■ Your instructions:
Your copy should hold only the lines from the one holding "418 - (396)" through the last line of the records below, both included, each exact and with no pictures.

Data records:

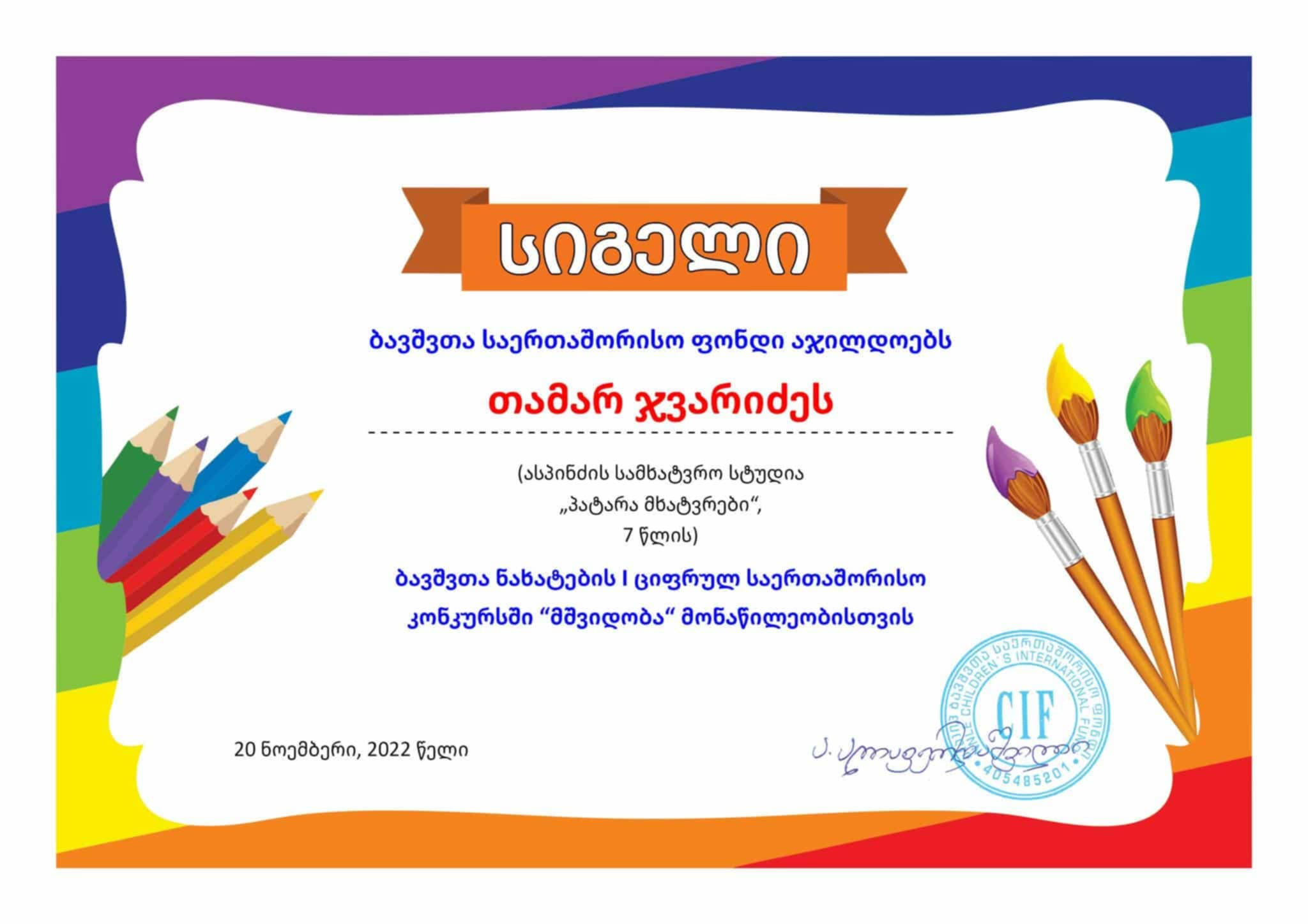 2025 წელს, საქართველოს რეგიონების სახელოვნებო სასწავლებლების კონკურსში კი მოიპოვა პირველი ხარისხის დიპლომი. – თამარ ჯვარიძის პერსომა.
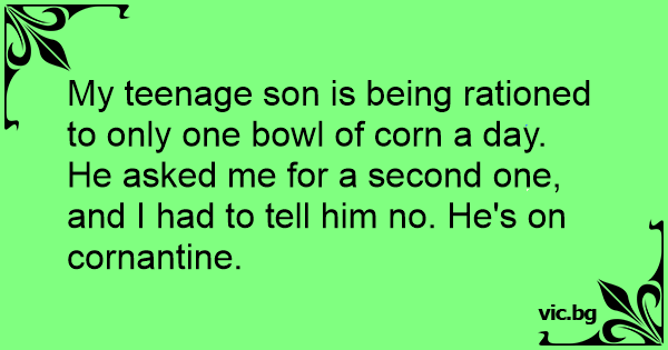 My teenage son is being rationed to only one bowl of corn a day. He asked me for a second one, and I had to tell him no. He's on cornantine.
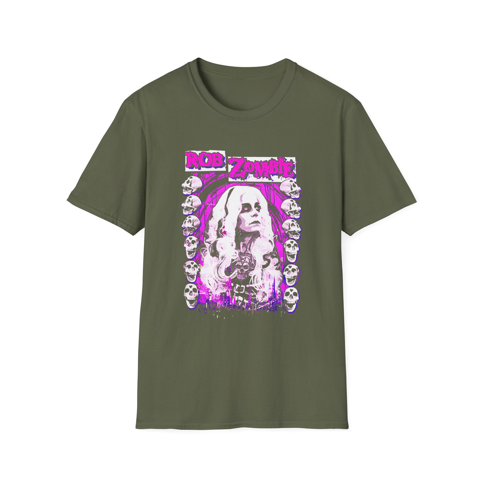 The Rob Zombie Sheri Mystery unisex soft-style t-shirt puts a new spin on casual comfort. Made from very soft materials, this tee is 100% cotton for solid colors. Heather colors and sports grey include polyester. The shoulders have twill tape for improved durability. There are no side seams. The collar is made with ribbed knitting to prevent curling damage.
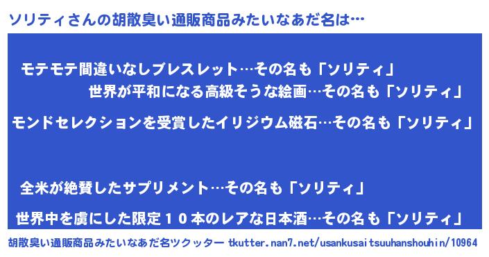 | ヒーロー風カッコイイあだ名 | 『慈愛の使者ソリティ』『仮面ソリダー』 |
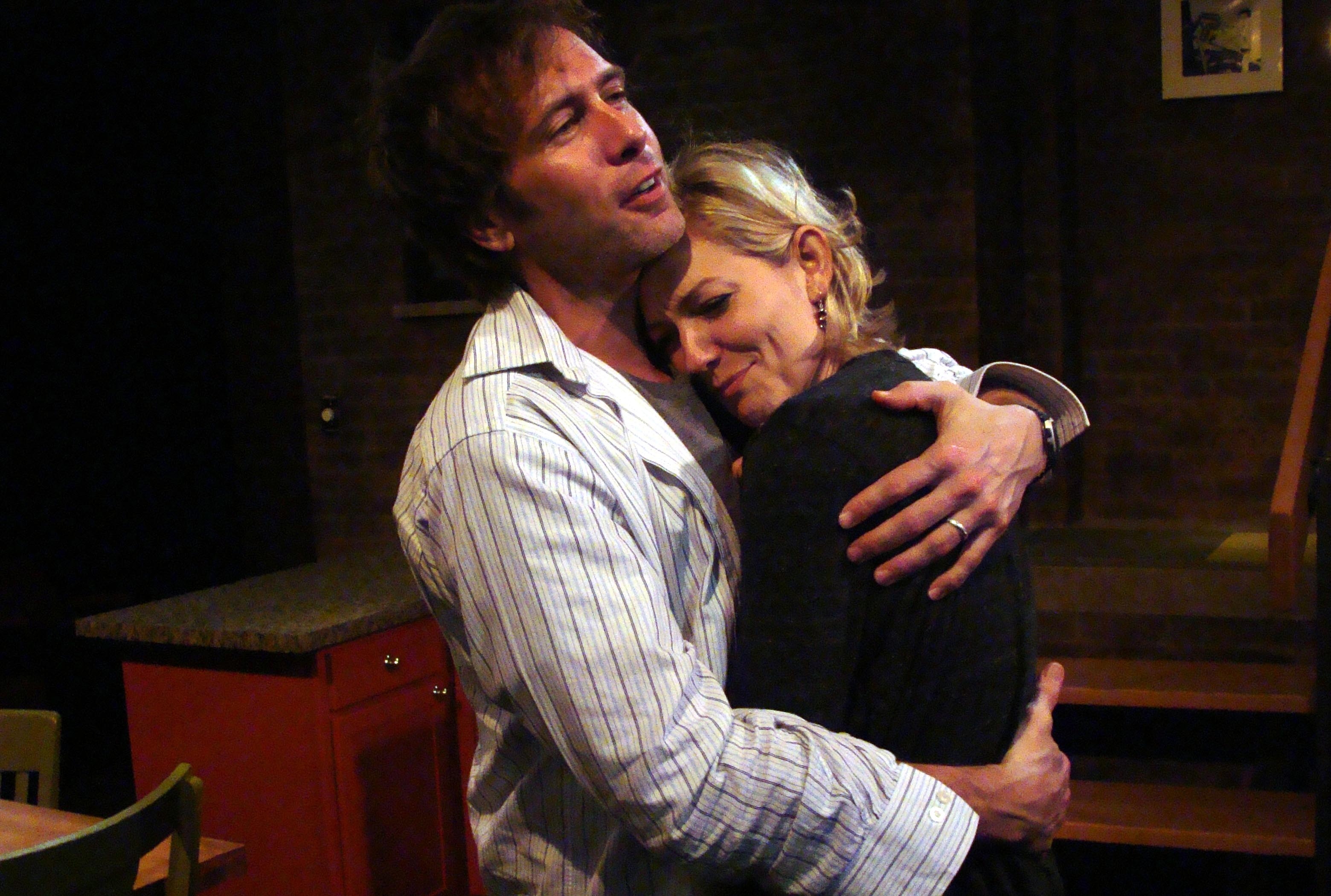 On this night, a lot comes up and what starts out as a wonderful, romantic night without a child at home turns into an evening of turmoil, hate, passion, truths and possibly in the end, hope and love! Directed by Joe Jahraus, who it appears truly understand what it is Weller is expressing, he gets the best out of both actors and their talents. The story is a bit contrived in that so much can happen in so short a time and two very angry people are able to ride that roller coaster to what appears to be a redeeming conclusion as their troubled son leaves the sleep-over early to come home. For those of you who know Profiles, you know that this is one of the smaller store-front theaters in town and thus very intimate(almost as if you are in the room), so when an argument happens and things are thrown about, be alert, you could easily end up with a bottle of ketchup hitting your leg as it bounces off Adam! The set by the way ( the action takes place in a kitchen, as a lot of their plays do)designed by Thad Hallstein is a workable one with a staircase leading up to the bedrooms and what appears to be a working kitchen. The lighting ( Lindsay Lyddan) works and the sound/music by Jeffrey Levin seemed to be okay once they got the opening track to be on target. This is the only real glitch in what otherwise was a flawless and energetic production. Technical problems in a small low budget production, in particular on opening night are forgiven. Cory Weinberg, the prop-master, truly has the hardest of jobs, in that there are a lot of props that need to be replaced on a regular basis. I would think their prop budget is one of the larger line items.
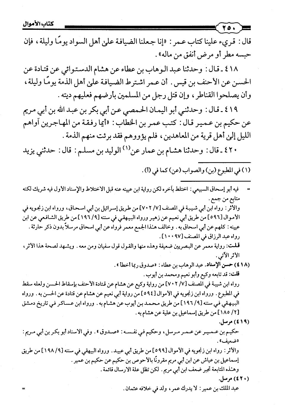 418 - (396) قَالَ: وَحَدَّثَنَا عَبْدُ الْوَهَّابِ بْنُ عَطَاءٍ، عَنْ هِشَامٍ الدَّسْتُوَائِيِّ، عَنْ قَتَادَةَ، عَنِ الْحَسَنِ، عَنِ الْأَحْنَفِ بْنِ قَيْسٍ، أَنَّ عُمَرَ اشْتَرَطَ الضِّيَافَةَ عَلَى أَهْلِ الذِّمَّةِ يَوْمًا وَلَيْلَةَ، وَأَنْ يُصْلِحُوا الْقَنَاطِرَ، وَإِنْ قُتِلَ رَجُلٌ مِنَ الْمُسْلِمِينَ بِأَرْضِهِمْ فَعَلَيْهِمْ دِيَتُهُ.
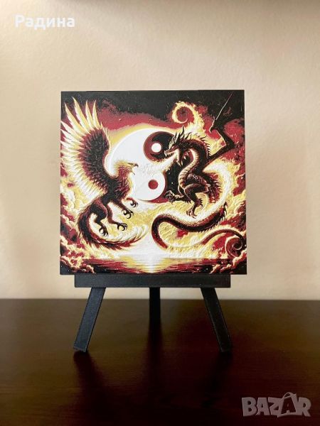 Релефна картина Дракон и Феникс в символа Ин - Ян
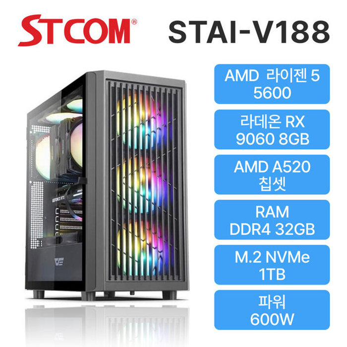 STCOM STCOM 조립피씨 5600 RX 9060 XT 32GB 1TB 게이밍 사무용 조립PC 컴퓨터 STAI-V175
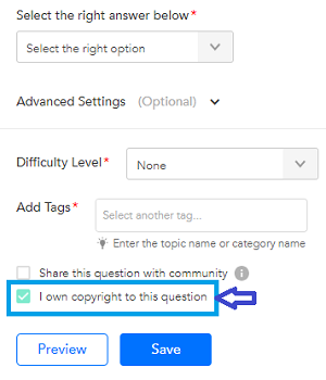 Currently, if you add a question in the Question Bank, the system automatically ticks the checkbox - ‘I own copyright to this question’. So, kindly avoid adding new questions which are not originally created by you.
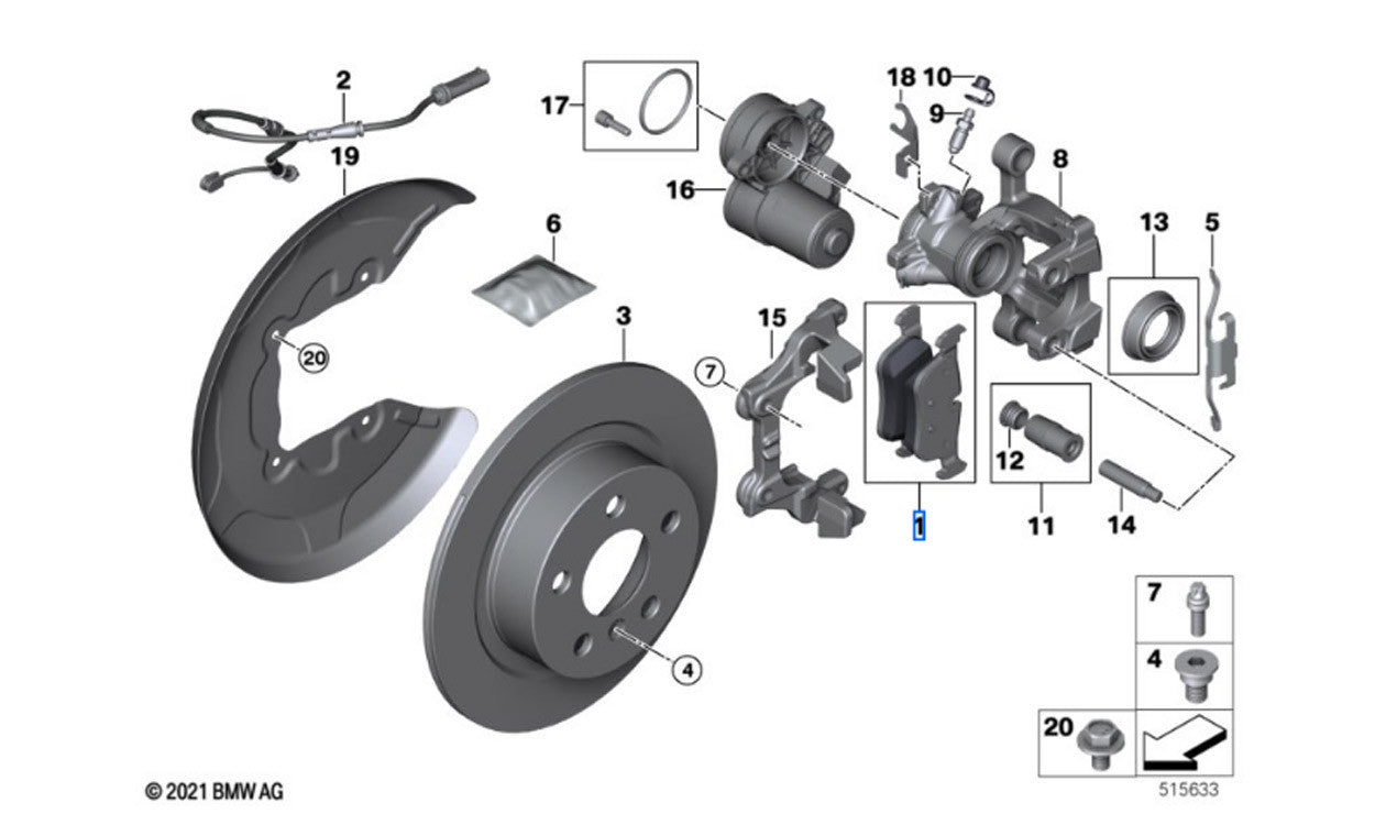 Juego de pastillas de freno traseras OEM 34201543683 para BMW F40, F44, X2 F39 y MINI F56, F55, F54, F57, F60… y más. Original BMW y MINI.

■ The answer:
 418 - (396) قَالَ: وَحَدَّثَنَا عَبْدُ الْوَهَّابِ بْنُ عَطَاءٍ، عَنْ هِشَامٍ الدَّسْتُوَائِيِّ، عَنْ قَتَادَةَ، عَنِ الْحَسَنِ، عَنِ الْأَحْنَفِ بْنِ قَيْسٍ، أَنَّ عُمَرَ اشْتَرَطَ الضِّيَافَةَ عَلَى أَهْلِ الذِّمَّةِ يَوْمًا وَلَيْلَةَ، وَأَنْ يُصْلِحُوا الْقَنَاطِرَ، وَإِنْ قُتِلَ رَجُلٌ مِنَ الْمُسْلِمِينَ بِأَرْضِهِمْ فَعَلَيْهِمْ دِيَتُهُ.
 Релефна картина Дракон и Феникс в символа Ин - Ян
 STCOM STCOM 조립피씨 5600 RX 9060 XT 32GB 1TB 게이밍 사무용 조립PC 컴퓨터 STAI-V175
 Currently, if you add a question in the Question Bank, the system automatically ticks the checkbox - ‘I own copyright to this question’. So, kindly avoid adding new questions which are not originally created by you.
 Juego de pastillas de freno traseras OEM 34201543683 para BMW F40, F44, X2 F39 y MINI F56, F55, F54, F57, F60… y más. Original BMW y MINI.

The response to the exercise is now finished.